Then came another season of extreme fire. The record-breaking heat and hurricane-force winds of summer 2020 stirred up some of the worst firestorms the West had experienced in more than a century, destroying thousands of homes and burning millions of acres. By early September that year, large areas of the Colville Reservation had gone up in flames, and 81 houses burned down on tribal land — scenes in a monumental catastrophe that reached into Oregon and California as well.
The reservation became part of a national news story about the tragedy of fire. But that story glossed over some of the fine details — the things a pine tree might pay attention to. And it’s here, at the scale of a stand of trees, that the evidence for prescribed burning may be clearest.
About a month after the September 2020 wildfires, Desautel decided to visit some stands of trees about 50 miles east of his office near Inchelium, the tiny unincorporated community on the Columbia River where he grew up. Here, during the same run of fire, the eponymous Inchelium Complex Fire had flamed across 19,000 acres and damaged more than a dozen buildings. He had witnessed it first-hand. He took a crew out during the throes of it and directed them to carve fire breaks around houses with a bulldozer. “It was about as busy a 28-hour shift as I’ve been on,” he said afterward. “But the good news was we saved a lot of houses.”
He suspected there was still more good news to be found within the Inchelium’s fire scars. Inside those scars lay a prescribed burn Desautel had done nearly 20 years previously, as part of a crew that set fire to about 1,000 acres of mostly Ponderosa pine forest.
He turned his pickup truck from the pavement onto the dirt and gravel road that led into the forest and headed into the burned landscape.
It’s hard for most people to picture a good fire,
because most have never seen one. Before Europeans settled the West, the Indigenous people of North America wielded fire as part of a calculated strategy to manage grasslands and forests, enhance habitat for wildlife, and clear land for foods like camas, a bulb consumed as a staple across large areas of the Northwest. But in the 20th century, the U.S. Forest Service undertook a massive national campaign to fight wildfires with federal funding and, in some cases, military support. By 1935, the agency’s official stated goal was to extinguish every wildfire by 10 a.m. the day after it began. The “Ten A.M. Policy” was often impossible, but it set the tone for America’s approach to wildfire and later for the advent in the 1940s of Smokey Bear, the cartoon character in a ranger hat whose main message was to put out campfires.As cute as Smokey was, some ecologists now feel that he taught the public too well to fear all fire and its consequences. It wasn’t until the latter half of the 20th century that many forestry experts, including those within the Forest Service, began questioning the errors of decades past — and accepted that a forest could not be managed without fire. But prescribed fire has never had the level of attention, funding, and public acceptance that firefighting enjoys; and burning has never caught up with decades of policies to extinguish wildfires.

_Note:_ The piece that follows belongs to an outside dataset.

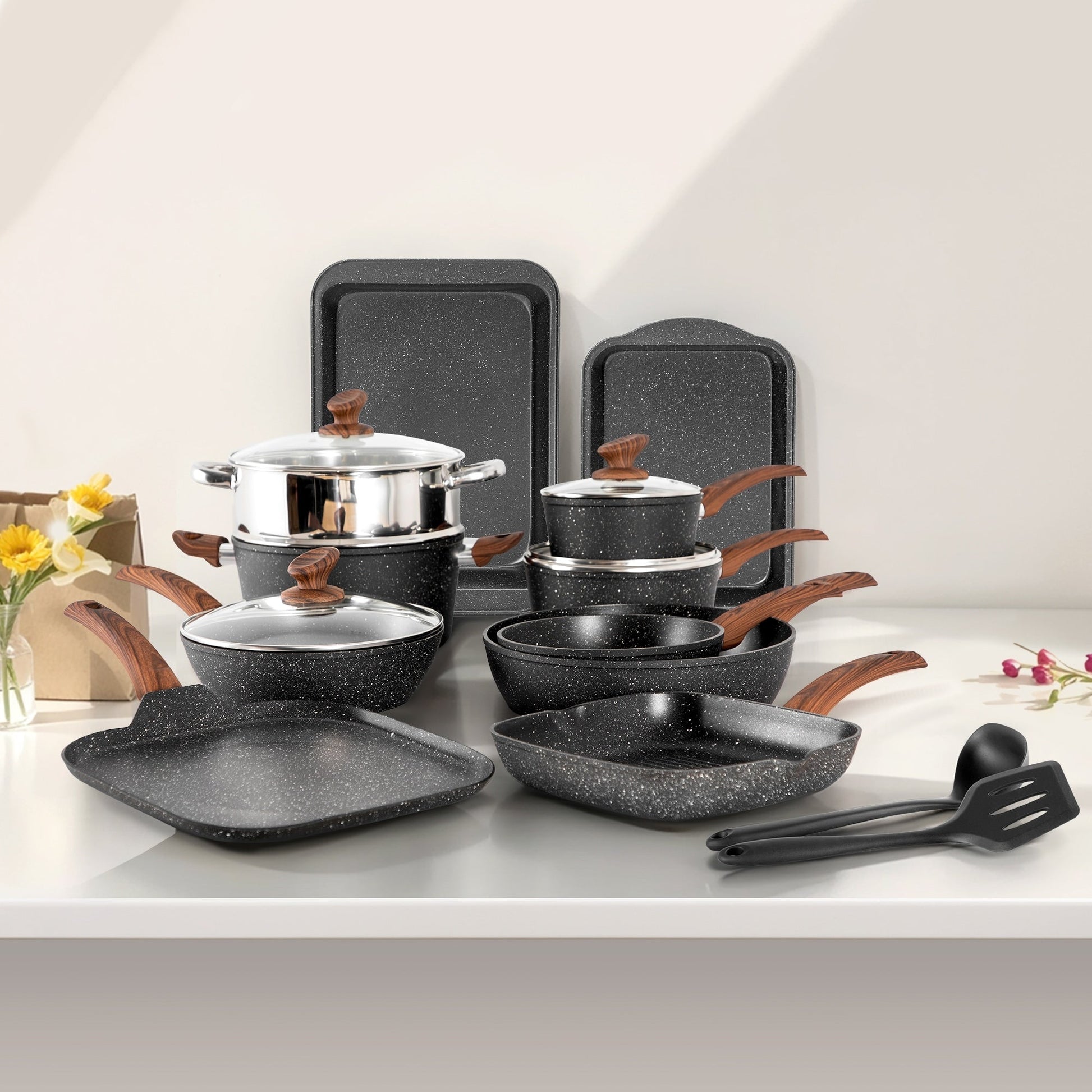 Batterie de cuisine en granit 17 pièces, ensemble de casseroles et poêles antiadhésives

As cute as Smokey was, some ecologists now feel that he taught the public too well to fear all fire and its consequences.

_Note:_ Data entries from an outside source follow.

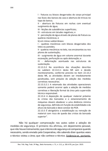 Rev. Trib. Reg. Trab. 3ª Reg., Belo Horizonte, v. 71, n. 111, p. 281-679, jan./jun. 2025308I - fraturas ou blocos desgarrados do corpo principal nas faces dos bancos da cava e abertura de trincas no topo do banco;II - abertura de fraturas em rochas com eventual surgimento de água;III - feições de subsidências superficiais;IV - estruturas em taludes negativos; eV - percolação de água através de planos de fratura ou quebras mecânicas; eb) em minas subterrâneas:I - quebras mecânicas com blocos desgarrados dos tetos ou paredes;II - quebras mecânicas no teto, nas encaixantes ou nos pilares de sustentação;III - surgimento de água em volume anormal durante escavação, perfuração ou após detonação; eIV - deformação acentuada nas estruturas de sustentação.22.13.3.2 Na ocorrência das situações descritas no subitem 22.13.3.1 desta NR sem o devido monitoramento, conforme previsto no item 22.13.2 desta NR, as atividades devem ser imediatamente paralisadas, sem prejuízo da adoção das medidas corretivas necessárias.22.13.3.2.1 A retomada das atividades operacionais somente poderá ocorrer após a adoção de medidas corretivas e liberação formal da área pela supervisão técnica responsável.22.13.4 A deposição de qualquer material próximo às cristas das bancadas e o estacionamento de máquinas devem obedecer a uma distância mínima de segurança, definida em função da estabilidade e da altura da bancada e deve constar do PGR.22.13.5 É obrigatória a estabilização ou remoção de material com risco de queda das cristas da bancada superior”.Não há qualquer comprovação nos autos sobre a adoção de medidas de segurança. O primeiro réu afirmou, em depoimento pessoal, que não houve treinamento; que o técnico de segurança só comparece quando necessário, sendo enviado pela Cooperativa, não sabendo dizer quantas vezes o técnico visitou a área; que não conhece o técnico. Evidencia-se, portanto,
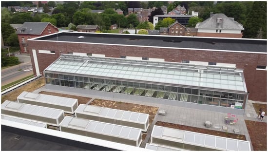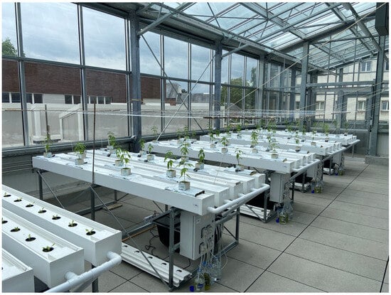 The experimental trial was carried out at the “SERR’URE” rooftop half-chapel bioclimatic greenhouse on the TERRA building from the University of Liège–Gembloux Agro-Bio Tech located in Gembloux (Walloon Region, Belgium; lat. 50.562643° N, long. 4.697433° E; alt. 166 m above sea level). The greenhouse has an area of 198 m2 and is divided into three compartments dedicated to research, teaching, and demonstration (Figure 1). The trial was conducted in the research compartment (132 m2) consisting of measurements 5.5 m wide, 24 m long, and 4.2 and 5.6 m high at the eaves and ridge, respectively, from 29 April 2022 to 19 August (Santhica 27) and 31 August (Félina 32) 2022. Fourteen days after sowing in rockwooll, the seedlings were transplanted into hydroponic Nutrient Film Technique Goponic® gutters (Agri Logic System, Normandie, New Caledonia, France) (Figure 2). The nutrient film technique (NFT) involves exposing plant roots to a thin layer of nutrient-enriched water flowing through horizontal gutters, installed with a slope of 1–2% to ensure proper water flow. By keeping the stream shallow, the roots benefit from an increased air exchange surface. This method promotes optimal oxygen availability to the roots, ultimately supporting higher vegetable yields [].
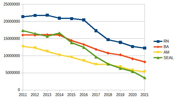 A partir de 2016 a estatal vem realizando esse plano, e a produção do nosso Estado passou a cair drasticamente desde então. Como mostra o gráfico abaixo, gerado a partir dos dados da produção entre 2011 e 2021, divulgados pela Agência Nacional do Petróleo, Gás Natural e Biocombustíveis – ANP, que faz um comparativo entre os diversos estados produtores:
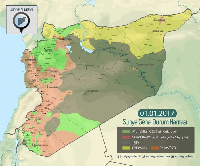 1 Ocak 2017 – Suriye son durum haritası (Harita: suriyegundemi.com)
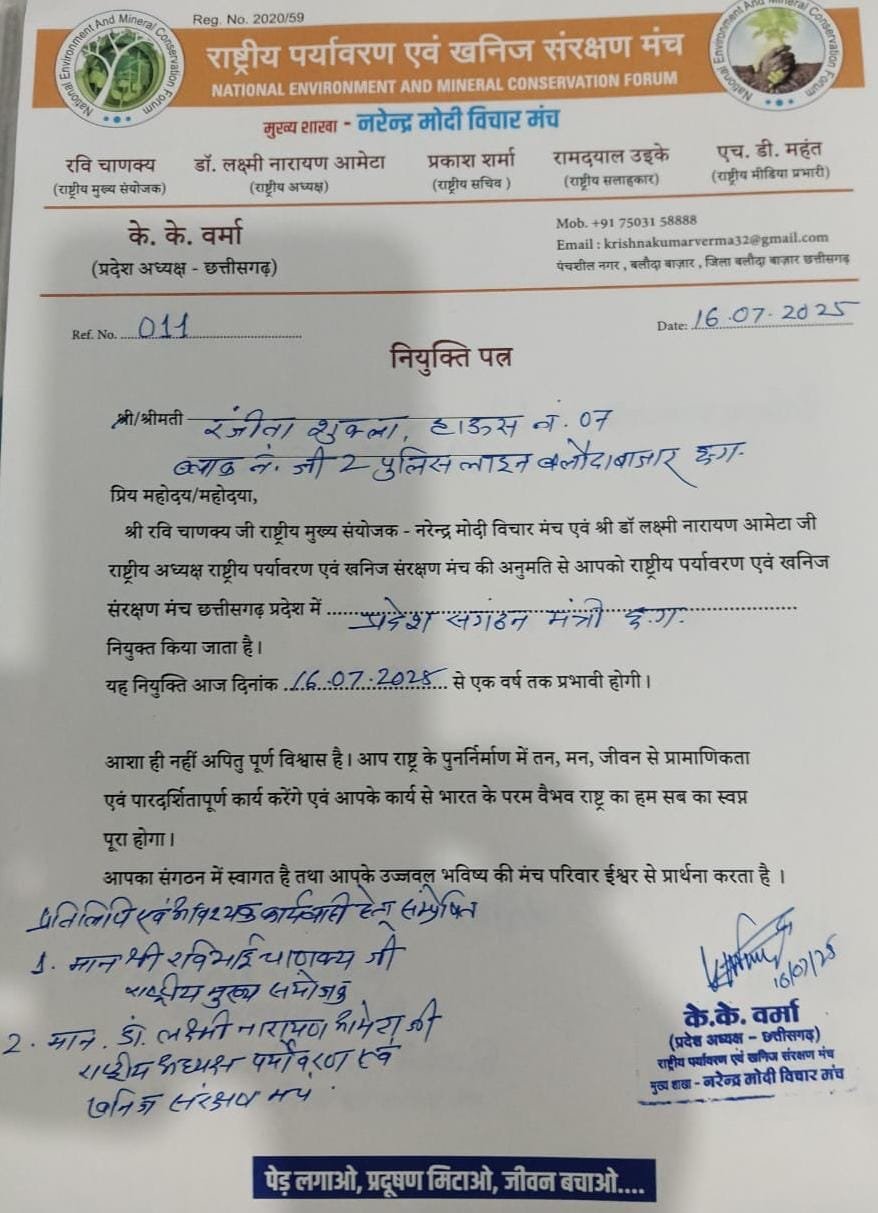 रंजीता शुक्ला बनी राष्ट्रीय पर्यावरण एवं खनिज संरक्षण मंच की प्रदेश संगठन मंत्री

At the same time, public understanding of fire has never fully caught up with the science and tradition of prescribed burning. Still, there’s a broad and growing consensus in the scientific literature that prescribed fire could make some wildfires less destructive and more manageable, says Susan Prichard, a fire ecologist at the University of Washington. Prichard — who also studies Ponderosa pine forests, and who has described, in scientific terms, how trees and plants can happen to wildfire — says that communities in fire-prone ecosystems need to “embrace fire and not try to put a wall up and avoid all fires in the future.” Prescribed fire is one way to do this. Moreover, if enough low-intensity fires were allowed to burn not just in tiny, isolated patches but across a significant area, the strategy could be especially useful.
Over the past 14 years, Prichard has collaborated with colleagues at the University of Washington and scientists with the Forest Service to run a series of studies based on the 2006 Tripod Complex Fire — which roasted 175,000 acres in an area covered with high-elevation forests of lodgepole pine and subalpine fir, and stands of Ponderosas, all of which included areas of old growth. (The Tripod Fire remains one of the largest Washington state has ever seen.) Relying on both field research and satellite imagery, the researchers found that forest areas that had seen prescribed burns in the decade before the Tripod struck had much higher rates of tree survival than areas that had been left alone.
But in the West, it can be difficult to find large-scale landscapes that have experienced good fire, or even moderate fire, at the same frequency they would have historically, before so many wildfires were fought and suppressed. So in another ongoing study, Prichard has been creating simulations to model what would have happened if the Tripod had ignited across a landscape that had witnessed many more small fires in the years before.
Prichard has watched an encouraging pattern emerge. Instead of flaming hot across the entire place, the hypothetical Tripod — traveling through a landscape that had not known many past fires — might have burned in a sort of patchwork pattern, high-intensity in some places and lower in others. The real-life Tripod Complex Fire destroyed large swaths of lynx habitat in north-central Washington. But the simulated fire left some of that habitat intact. While this model is based on lightning-caused fires, it’s not hard to extrapolate to prescribed fire, which would have a similar impact if applied across a large area.
Managing fire this way could also give firefighters a better handle on controlling a blaze near houses and communities. A recent study that examined the Lassen Volcanic National Park in California suggests that prescribed fire may actually help complement firefighting efforts, making it easier to protect a forested landscape.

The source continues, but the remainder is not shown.